From the point of view of diplomacy the chief difference was that the West, in 1400, still thought of itself as one society. Christendom was torn by the gravest internal conflicts, by religious schism, doctrinal dispute, and the endemic warfare of class against class, people against people, faction against faction, king against king. But Latin Christendom still knew itself to be one.

This sense of unity compels recognition on even the most cursory study, yet it eludes precise and satisfactory statement. Modern attempts to define it are likely to seem pedantic and remote from actuality, like modern attempts at gothic architecture–at once alien to our daily world and unconvincing to specialists. This is the less surprising since throughout the period when Latin Christendom was a living reality, saints and philosophers, poets and propagandists were constantly seeking to capture in universal terms the essential quality of its unity, without ever winning the unqualified agreement of even a majority of their contemporaries.

The easiest thing to say about the unity of Christendom is that it was complex and protean, sensitive to change and adaptable to circumstances, so that it took on different aspects for different observers. It would never have been stated in quite the same terms or with quite the same emphasis in Italy as beyond the Alps, by a friar as by a parish priest, by a merchant as by a knight. Guelph and Ghibellines, canonists and civilians, realists and nominalists argued about it endlessly. It changed subtly in form and meaning for every generation between the Council of Clermont and the Council of Trent. To describe it as if it depended upon the functioning of some system of political or legal administration, or as if it ever attained, or even ever, as a whole, consciously sought to attain, to a given ideal as stated by St. Thomas or Dante or Nicholas of Cusa is to go surely wrong about it. But not so far wrong as it would be to deny that a belief in the actual unity of Christendom, however variously felt and expressed, was a fundamental condition of all medieval political thought and activity.

We shall understand medieval diplomatic conventions better, therefore, if we begin, not with the various magistrates, popes and emperors and kings, feudal lords and city states, among whom in complicated patterns allegiance was apportioned, but with the collective unity, the people. They had no common name for themselves except Christians. In their more tolerant moods they regarded the Jews among them as guests and strangers to be preserved until the Second Coming. They were willing, at times, to admit to their society the Greek Orthodox schismatics along their eastern frontier. Their theorists granted that even infidels, as the possessors of rational souls, could claim some place in the general community of mankind. But in general, the Latin West inclined to lump Jews, heretics, schismatics and pagans together as outsiders and natural enemies, while preserving, even in the bitterest internal quarrels, a sense of solidarity in one Catholic faith, a solidarity more intimate and complex in its ties than anyone quite knew how to express.
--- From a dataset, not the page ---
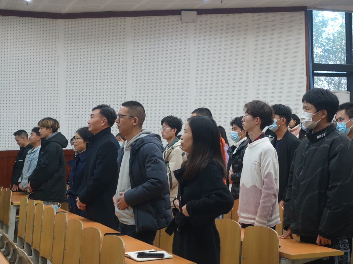 讲座伊始,樊老师给大家带来一曲《不忘初心》,由程茜老师钢琴伴奏以及数字工程学院的同学们和声。一曲结束,樊老师分别从歌唱的站姿、歌唱的呼吸及歌唱的发声方式三个部分来进行本次的讲座,最后对歌曲《我和我的祖国》进行练习将本次讲座的气氛推向高潮,同学们也积极的发出声音,唱出对祖国的热爱。
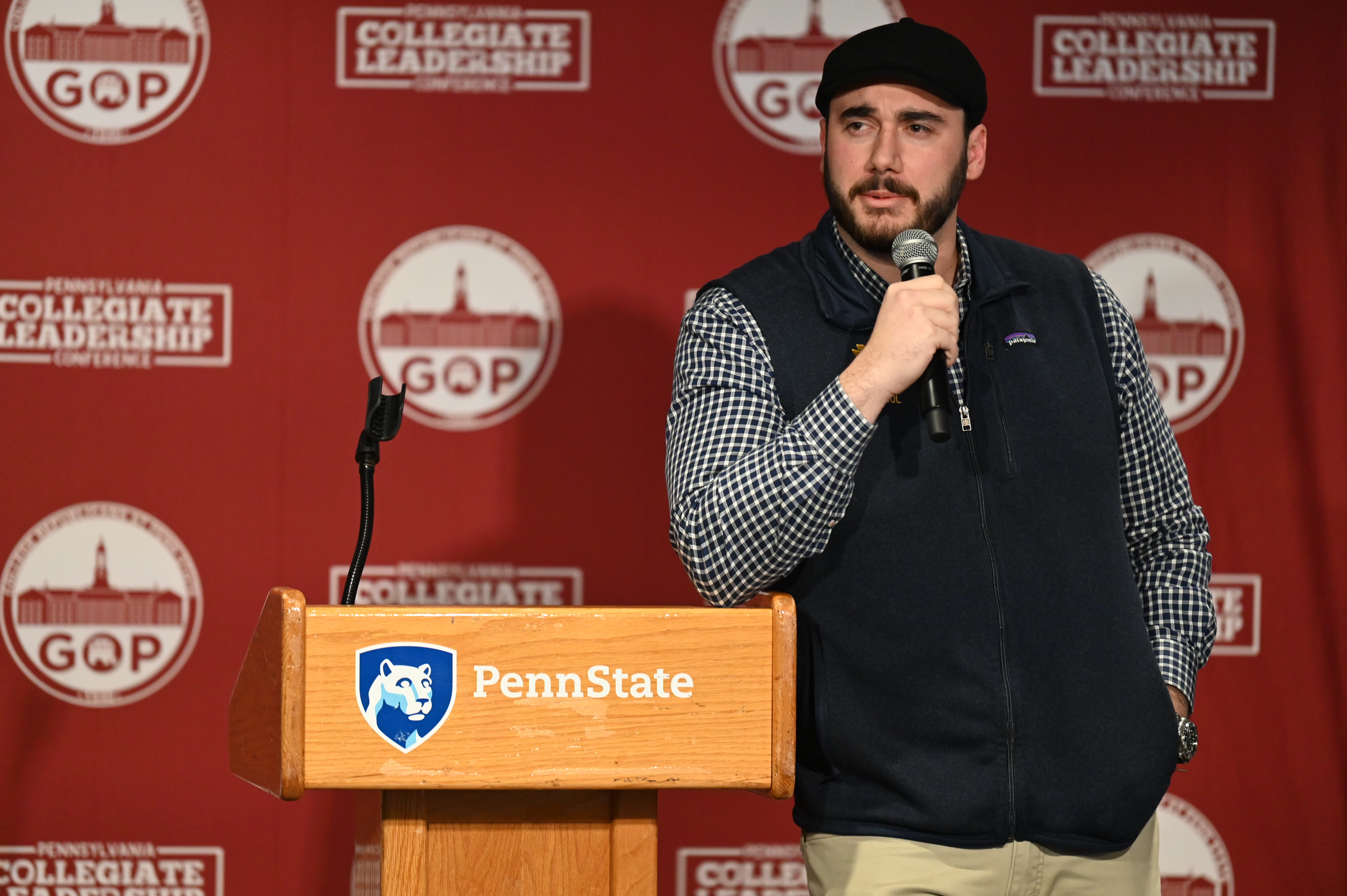 Chairman of the College Republicans of America Will Donahue speaks on stage at the third annual Pennsylvania Collegiate Leadership Conference, Jan. 16, 2026, in University Park, Pa. Courtesy of Hunter Steach

Besides thinking of themselves as Christians, the people of Latin Christendom also thought of themselves, more or less consciously, as Romans. No one had yet come to tell them that Rome had fallen a thousand years ago and given Europe over to the Goths; or that they were the Goths to whom it had been given over. It did not occur to their poets or to their legislators that Hector, Alexander and Julius Caesar were any more alien to their heritage than Arthur, Charlemagne and Godfrey of Bouillon, or than Joshua, David and Judas Maccabeus. Especially around the Mediterranean, where classical reminiscence was strongest, lawyers and Ghibelline intellectuals liked to speak of the people of Christendom as the Roman people, the populus romanus. But Germany also, even those parts of Germany where no Roman legion had ever tarried, knew its king as Roman emperor, and continued to elect him, on the plea that to allow the throne of Caesar and the temporal lordship of the world to pass by inheritance, like a farm, was unbecoming its peculiar dignity. Equally in France and Britain and Spain, where the kings acknowledged no imperial suzerain, men felt the tug of the imperial past, and traced their national histories to ancient Rome. Even in Ireland, and among Norwegian fiords, and on the Polish plain, literate Celts and Norse and Slavs whose ancestors had never seen the eagles thought of themselves as belonging somehow to the world, not merely of papal, but also of imperial Rome.
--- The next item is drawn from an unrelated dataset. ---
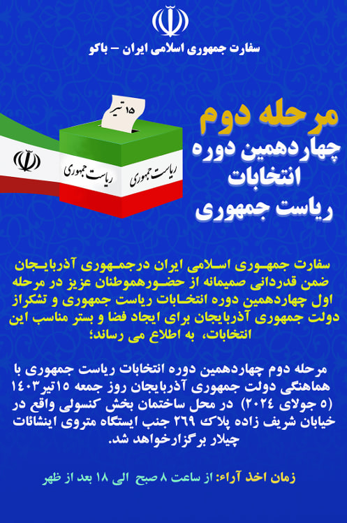 İran İslam Respublikasının Azərbaycan Respublikasındakı səfirliyinin mətbuat xidməti məlumat yayır:
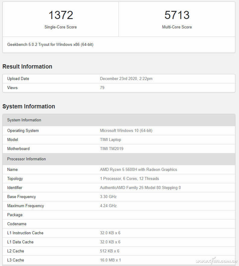 好消息是,即便是锐龙5000H系列中定位最低的存在,锐龙5 5600H依旧跑出了1372和5713的单核/多核分数。

This sense of a common bond, political as well as religious, never found adequate expression in political institutions. The actual social structure of power, the difficulties of travel and communication, the confused pattern of local and regional differences prevented any such expression. The authority of the Holy Roman Empire, like the magical peau de chagrin, shrank every time an emperor invoked it, until finally it could hardly be stretched to cover more than the narrow hereditary domain of some German princeling. But the collapse of the empire and the schism of the papacy underlined a sense of unity which had never really depended on any fountainhead of authority, and the society for which pope and emperor alike were more important as symbols than as rulers found a name more definite than Christendom.

As the age of the great councils approached, one heard more frequently and with a wider reference of the Christian Commonwealth, the res publica Christiana. At Constance and at Basel the name was a battle cry to rally the enlightened against the divisive despotisms of Church and State. Its combination of Roman pride and Christian faith was more than a mere aspiration; it was almost a reality. In the documents of chanceries and the reasoning of lawyers, as well as in the exhortations of preachers and the dreams of scholars like Nicholas of Cusa, it stood for the common interests of the Community of Latin Christendom, interests which all men agreed were real and vital, however difficult it proved to give them practical political expression. As the watchword of those common interests the term res publica Christiana survived the failure of the councils, the Lutheran revolt, and the beginning of the Habsburg-Valois wars. The breaking-up of Christendom in the sixteenth century finally drained the Latin syllables of most of their meaning. But their nostalgic echo continued to haunt men’s consciences long after any actual Commonwealth of Christendom had ceased to be a possibility.{2}

If the res publica Christiana found no other political expression, it had achieved, by the last century or so of the Middle Ages, something like a common body of law. Or perhaps ‘achieved’ is not the right word. I he common body of law was not so much achieved as always assumed and increasingly realized,{3} the area of its most nearly complete realization being in the realm we now call ‘international’ law. This included, of course, ‘the international law of diplomacy,’ that is, the rules regulating the recognition and status of diplomatic principles, the behavior and immunities of diplomatic agents, and the negotiations, validity and observance of diplomatic agreements.

Like most medieval law, this diplomatic part of it escaped anything like systematic codification and derived its force not from formal acts, not from statutes or edicts or treaties, but from generally accepted principles and old-established customs. Since the West was not thinking in terms of mutually discrete, sovereign national states, but was trying to develop legal rules for a great society, the doctrine about the status and intercourse of princes, the position of ambassadors and the sanctity of treaties must usually be disengaged from a miscellaneous mass of commentaries and consilia on other matters. Like the sense of unity of which it was an expression, the ‘international law’ of the Middle Ages was stated with varying emphasis by different writers, and defies any precise definition which could have commanded universal acceptance at any period. Yet there is an unmistakable core of agreement. Coherently enough, and without serious contradiction, the available literature describes the framework within which medieval diplomatic institutions were elaborated and the climate of opinion in which their evolution towards modern forms began.

One can distinguish three converging currents of tradition: ecclesiastical, feudal and imperial, or, if one prefers, Christian, German and Roman, embodied in canon law, customary law and civil law.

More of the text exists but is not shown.